Information Sheet
R Roy Nelson Canning Company.
1029 Records, 1907-1993.
One volume
and forty-two folders.
THIS COLLECTION IS IN OFF-CAMPUS STORAGE. AT LEAST TWO DAYS' NOTICE IS REQUIRED FOR ITS USE.
These are records of the Roy Nelson Canning Company, a
large tomato-canning concern especially active in Stone, Taney, and Douglas
counties in Missouri. The collection consists of land records,
deeds, financial statements, insurance papers, and records for individual
factories, mostly for operations in Stone
County, Missouri.
In 1902, Roy Nelson and his brother-in-law B. F.
Julian began canning apples and peaches in Rogers, Arkansas. By 1903 or 1904, Nelson had relocated to Marshfield, Missouri. He began canning operations in Stone County
in 1912 or 1913, and by 1920 had ten factories there. In 1922, Nelson shipped an entire trainload
of tomatoes—thirty-five cars—from the Crane factory; Stone County’s
1923 tomato shipment was larger than that of any other county in the
state. By 1925, Nelson operated fifteen
factories and was reputed to be the world’s largest individual canner. In 1926, shipments of canned tomatoes from
Reeds Spring totaled seventy-eight train carloads, with sixty more in storage
awaiting shipment. Nelson reportedly
shipped over one-half million dollars worth of tomatoes from Stone County
in 1928. In 1929 his factories processed
over 350 train carloads—350,000 cases or 7 million cans of tomatoes—worth
$650,000.
Roy Nelson was known as the “Canning King of the
Ozarks” when he died in December 1929.
At the time of his death he owned eighteen factories in the southwestern
Ozarks, mostly located in Stone, Taney, and Douglas counties. His widow, Lola G. Nelson, sold the company
in February 1930. Porter S. Lucas, who
owned the factory at Crane, and co-owned those at Elsey, Hurley, and Quail Spur,
headed the new enterprise, which continued to operate under the Nelson
name. The new company sold the canneries
at Browns Spring, Galena, and Reeds
Spring, Missouri, and Bergman and Pyatt, Arkansas. Mrs. Nelson herself operated the cannery at Ava, Missouri.
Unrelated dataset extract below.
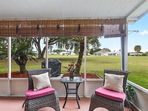 Welcome home to this beautifully maintained El Paso model located directly on the 15th tee of the Orange Blossom Hills Golf Course — offering exceptional privacy, serene golf views, and mature oak trees as your backdrop. From the moment you arrive, you’ll appreciate the screened front entry, decorative driveway, and the charm that sets this home apart. Step inside to an inviting, pristine, open floor plan with vaulted ceilings, laminate flooring, and neutral carpet in the bedrooms. The living and dining areas are bright and airy with decorative fans, skylights for natural light, and updated lighting fixtures throughout. The kitchen was designed with efficiency in mind — offering refreshed cabinetry, plenty of storage, and a layout that keeps you part of the conversation while entertaining. The primary suite is a true retreat, featuring a decorative fan, walk-in closet, and en-suite bath with updated fixtures and finishes. The guest bedroom and bath are spacious and private — perfect for overnight visitors. Step outside to your expanded enclosed lanai — ideal for relaxing with a morning coffee or watching golfers tee off in the distance. A grilling pad and outdoor sitting area make it easy to enjoy Florida living year-round. Practical updates bring peace of mind, including: * ROOF 2024 * Newer double-pane windows * Water heater (2024) * HVAC (2016) * Garage door & opener * Expanded driveway and added washer/dryer area off the kitchen Constructed with a 4-foot deep concrete crawl space to protect against moisture and foundation concerns, this home has been thoughtfully maintained. **NO BOND** and low maintenance assessment make ownership even more appealing. About The Village of Country Club Hills: Located on one of the most scenic elevations in The Villages, Country Club Hills is home to the Orange Blossom Hills Country Club — a beloved landmark featuring 18 holes of championship golf, a Hilltop executive course, and a restaurant and pool for residents to enjoy. Rolling hills, mature trees, and sweeping views create a peaceful setting just minutes from Spanish Springs Town Square. Whether relaxing at the Hilltop pool or meeting friends for a bite at the country club, you’ll love the welcoming charm and established character of this community.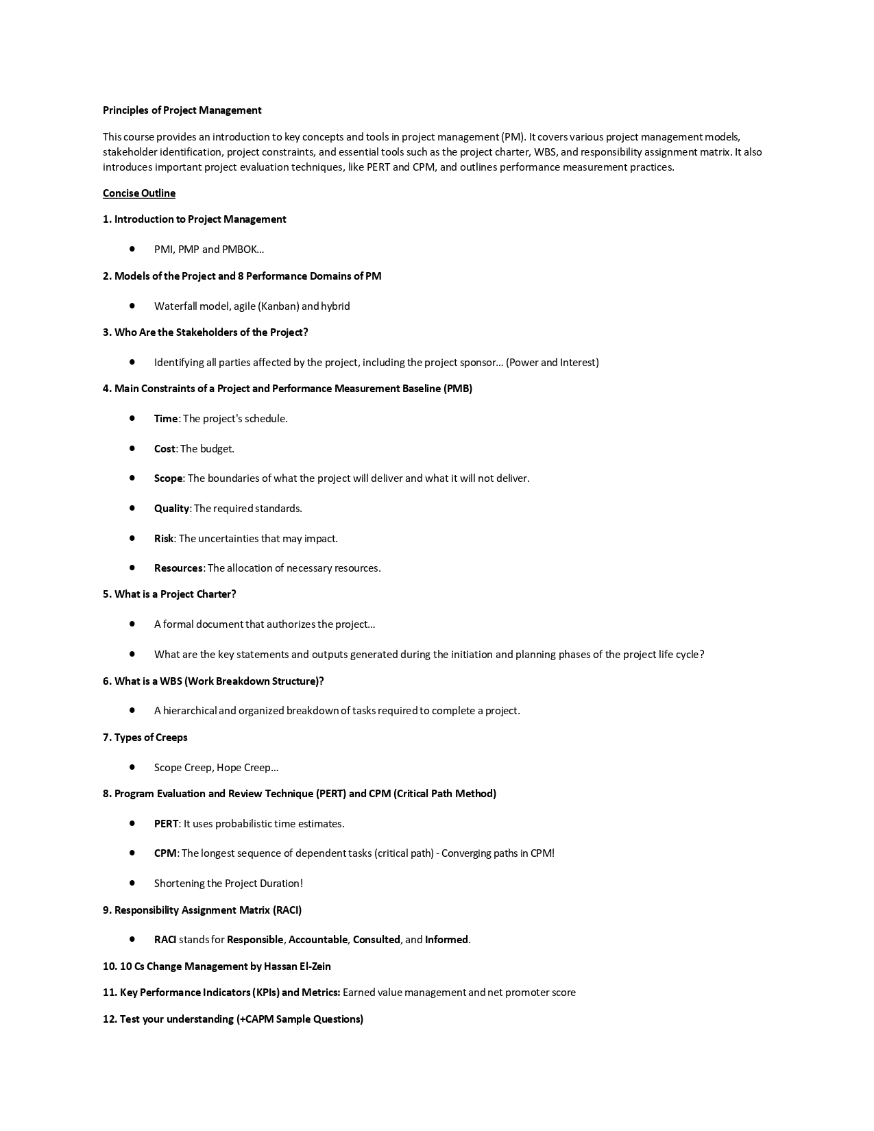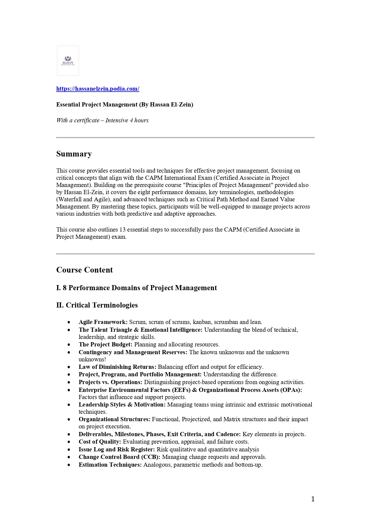 This course provides essential tools and techniques for effective project management, focusing on critical concepts that align with the CAPM International Exam (Certified Associate in Project Management). Building on the prerequisite course "Principles of Project Management" provided also by Hassan El-Zein, it covers the eight performance domains, key terminologies, methodologies (Waterfall and Agile), and advanced techniques such as Critical Path Method and Earned Value Management. By mastering these topics, participants will be well-equipped to manage projects across various industries with both predictive and adaptive approaches.

The tomato canning industry played a central role in
transforming the economic lives of native Ozarkers, especially women. The inexpensive labor of women and children
was crucial to the success of the Ozarks canning industry—seeding, planting,
tending, picking and processing provided what was probably the first cash
income for many families. Canners
constituted half of all wage earners in Stone
County by 1906; by 1909 women
comprised one-third of the labor force in Stone County’s
canneries, earning $3.00-$5.00 daily, with extra bonuses possible. In 1923, sixty-five percent of Stone County
wage-earners employed in manufacturing were women, numbering over 400. Nelson’s Reeds Spring factory alone employed
around 75 people in 1924, with the eighteen canneries eventually providing jobs
for 2,700 people.
The collection contains a ledger, 1936-1950, and loose
papers, 1907-1993. There is information
on the Nelson operations generally, and specific details on the factories at
Abesville, Crane, Elsey, Hurley, and Quail Spur, Missouri, mostly during the period of Porter
Lucas’s proprietorship. The papers
include abstracts of title, deeds, insurance records, documents concerning Stone County
factories, financial statements, both personal and business-related, for Roy
Nelson and Porter Lucas, tax receipts, and copies of wills.